───── Dataset entries ─────

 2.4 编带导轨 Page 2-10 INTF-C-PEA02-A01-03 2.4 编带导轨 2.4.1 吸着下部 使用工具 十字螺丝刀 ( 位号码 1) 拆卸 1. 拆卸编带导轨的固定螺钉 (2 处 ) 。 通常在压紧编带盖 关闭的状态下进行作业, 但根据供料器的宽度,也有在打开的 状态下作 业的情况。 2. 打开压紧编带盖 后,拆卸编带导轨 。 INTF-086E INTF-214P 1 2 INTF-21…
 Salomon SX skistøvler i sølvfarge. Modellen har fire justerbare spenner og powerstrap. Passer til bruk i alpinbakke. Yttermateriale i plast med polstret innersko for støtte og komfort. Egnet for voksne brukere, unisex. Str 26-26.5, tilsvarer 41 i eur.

─────
───── Dataset entries ─────

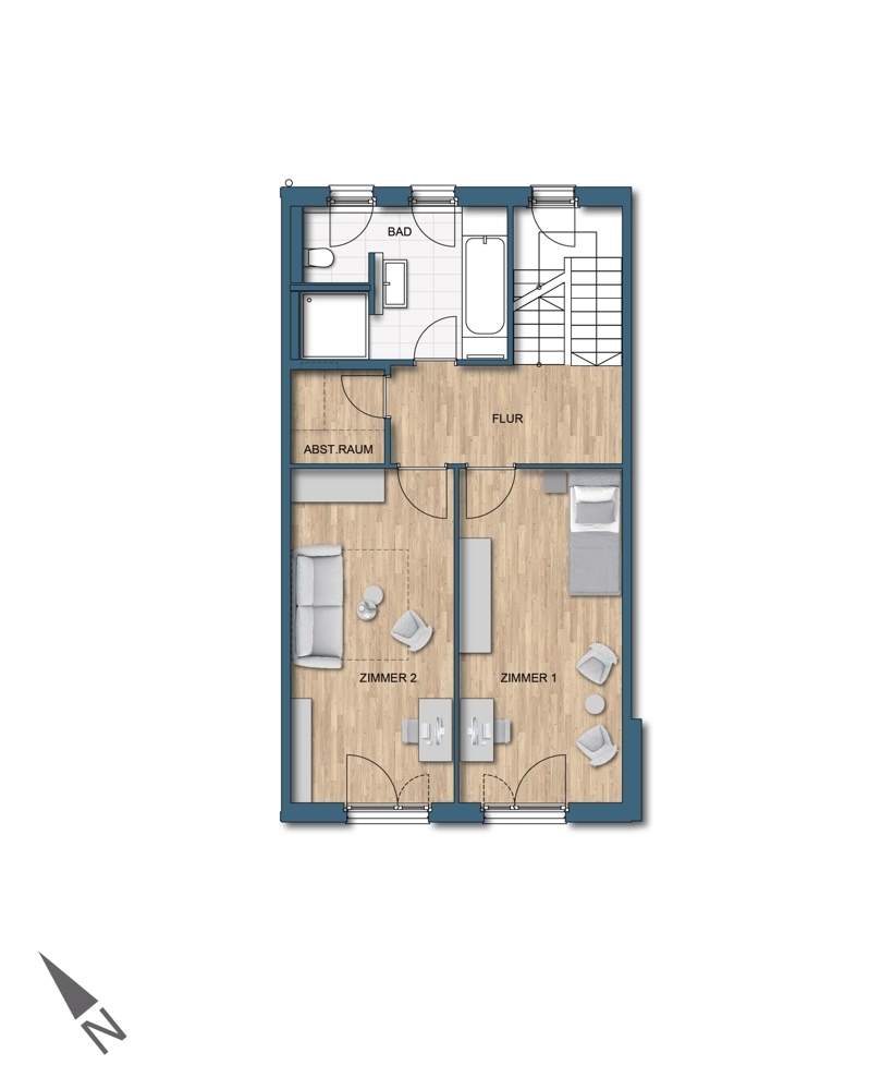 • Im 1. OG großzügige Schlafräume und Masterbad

─────
───── Dataset entries ─────

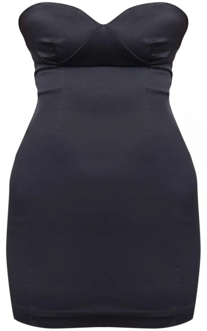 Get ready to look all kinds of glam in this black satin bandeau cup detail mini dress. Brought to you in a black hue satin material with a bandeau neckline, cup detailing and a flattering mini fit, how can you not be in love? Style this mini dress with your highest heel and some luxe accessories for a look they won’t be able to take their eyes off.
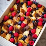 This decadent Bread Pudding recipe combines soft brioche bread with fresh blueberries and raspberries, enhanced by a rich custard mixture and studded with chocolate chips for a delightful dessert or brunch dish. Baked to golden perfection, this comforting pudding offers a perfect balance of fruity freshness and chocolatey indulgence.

─────

(Required work): Go to the line in the material above that contains "2.4 编带导轨 Page" and copy exactly from there through the line that contains "Salomon SX skistøvler", stopping after it.

(Task result):
 2.4 编带导轨 Page 2-10 INTF-C-PEA02-A01-03 2.4 编带导轨 2.4.1 吸着下部 使用工具 十字螺丝刀 ( 位号码 1) 拆卸 1. 拆卸编带导轨的固定螺钉 (2 处 ) 。 通常在压紧编带盖 关闭的状态下进行作业, 但根据供料器的宽度,也有在打开的 状态下作 业的情况。 2. 打开压紧编带盖 后,拆卸编带导轨 。 INTF-086E INTF-214P 1 2 INTF-21…
 Salomon SX skistøvler i sølvfarge. Modellen har fire justerbare spenner og powerstrap. Passer til bruk i alpinbakke. Yttermateriale i plast med polstret innersko for støtte og komfort. Egnet for voksne brukere, unisex. Str 26-26.5, tilsvarer 41 i eur.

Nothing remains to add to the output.